*** Opening Supplied records ***

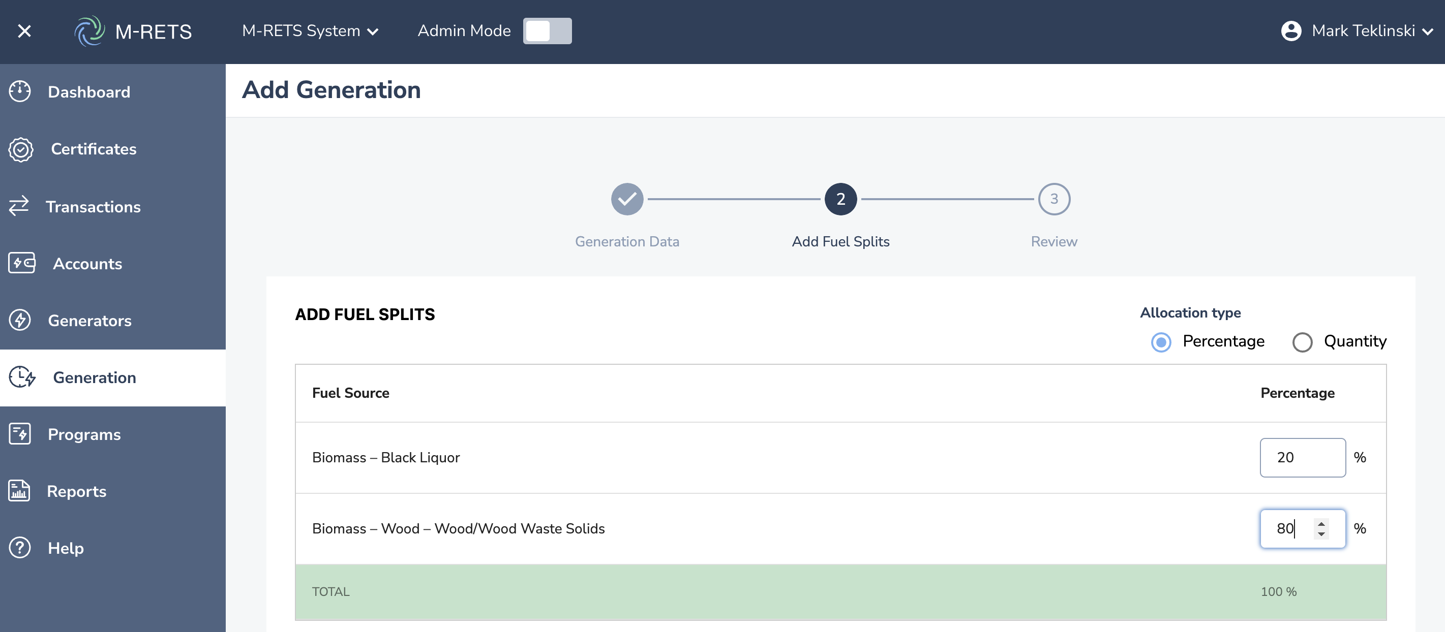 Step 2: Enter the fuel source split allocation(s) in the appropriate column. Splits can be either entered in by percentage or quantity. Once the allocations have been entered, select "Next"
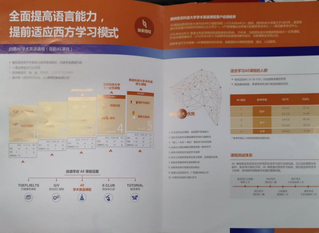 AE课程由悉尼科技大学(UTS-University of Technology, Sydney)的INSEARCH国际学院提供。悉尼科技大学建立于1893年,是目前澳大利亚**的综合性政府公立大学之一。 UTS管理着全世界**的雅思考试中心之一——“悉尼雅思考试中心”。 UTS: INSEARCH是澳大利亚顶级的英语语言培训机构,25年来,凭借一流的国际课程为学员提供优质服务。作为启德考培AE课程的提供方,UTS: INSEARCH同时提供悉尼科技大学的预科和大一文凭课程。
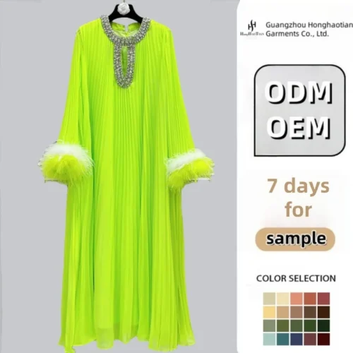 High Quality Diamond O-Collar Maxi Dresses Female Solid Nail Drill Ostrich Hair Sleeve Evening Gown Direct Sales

*** Closing Supplied records ***
*** Opening Supplied records ***

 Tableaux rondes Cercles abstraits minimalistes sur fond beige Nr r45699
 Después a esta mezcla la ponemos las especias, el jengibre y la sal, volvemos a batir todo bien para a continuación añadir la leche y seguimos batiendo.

*** Closing Supplied records ***
*** Opening Supplied records ***

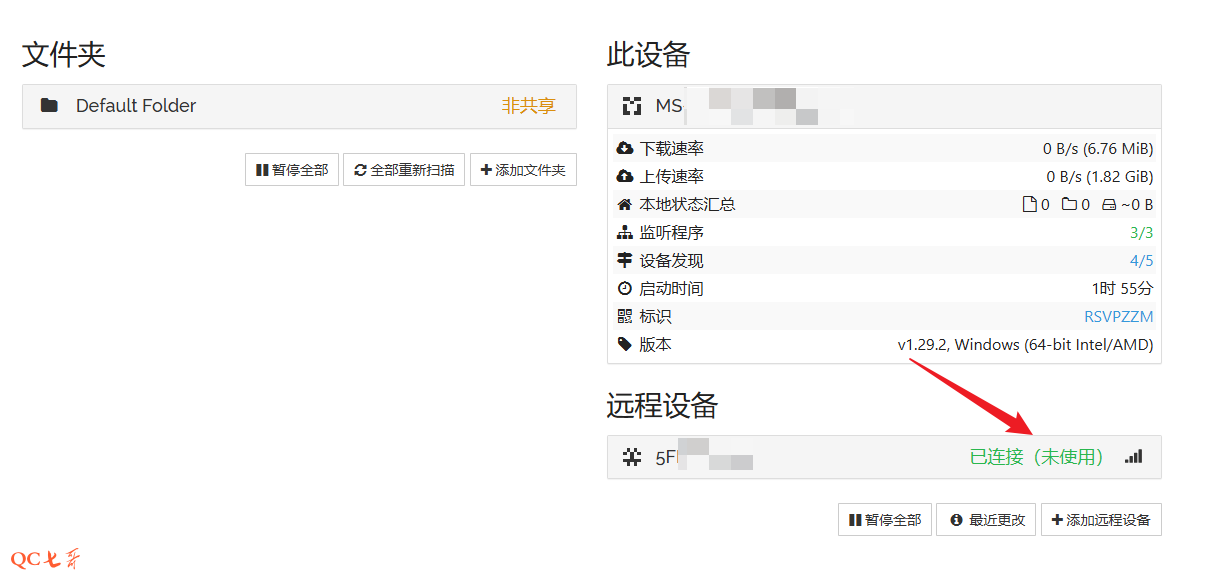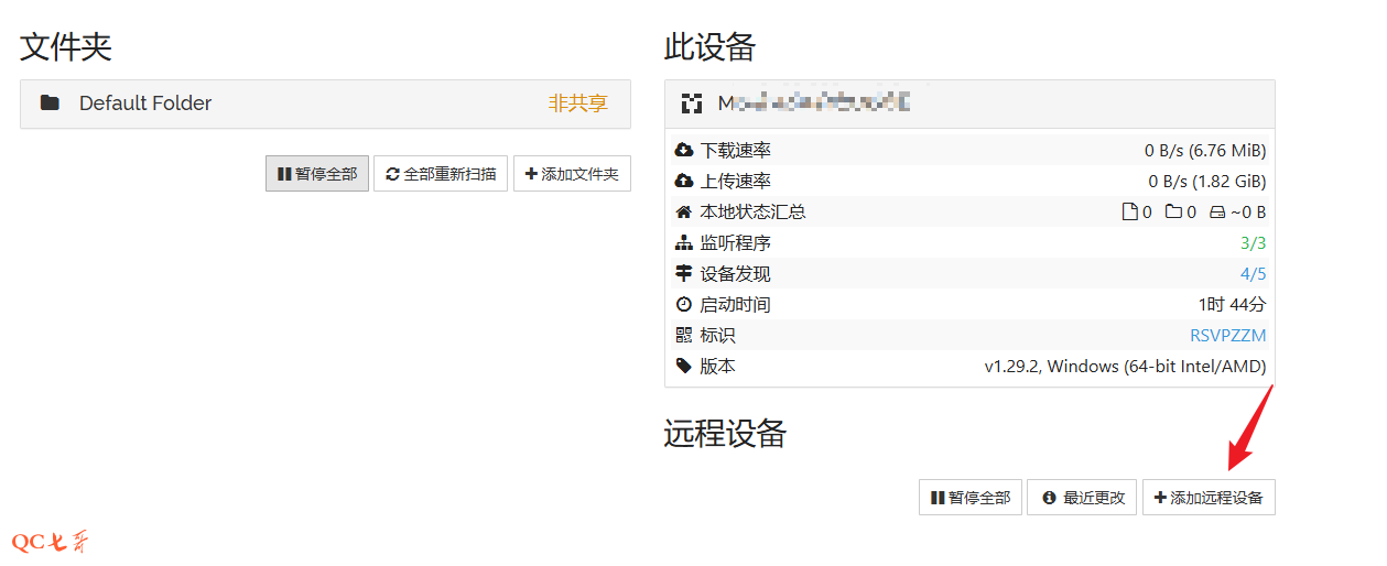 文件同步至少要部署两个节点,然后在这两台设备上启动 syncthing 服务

*** Closing Supplied records ***

What to work on = In the listing above, find the line containing "Step 2: Enter" and the line containing "High Quality Diamond", then return both of them and every line between, exactly, without pictures.

Output =
 Step 2: Enter the fuel source split allocation(s) in the appropriate column. Splits can be either entered in by percentage or quantity. Once the allocations have been entered, select "Next"
 AE课程由悉尼科技大学(UTS-University of Technology, Sydney)的INSEARCH国际学院提供。悉尼科技大学建立于1893年,是目前澳大利亚**的综合性政府公立大学之一。 UTS管理着全世界**的雅思考试中心之一——“悉尼雅思考试中心”。 UTS: INSEARCH是澳大利亚顶级的英语语言培训机构,25年来,凭借一流的国际课程为学员提供优质服务。作为启德考培AE课程的提供方,UTS: INSEARCH同时提供悉尼科技大学的预科和大一文凭课程。
 High Quality Diamond O-Collar Maxi Dresses Female Solid Nail Drill Ostrich Hair Sleeve Evening Gown Direct Sales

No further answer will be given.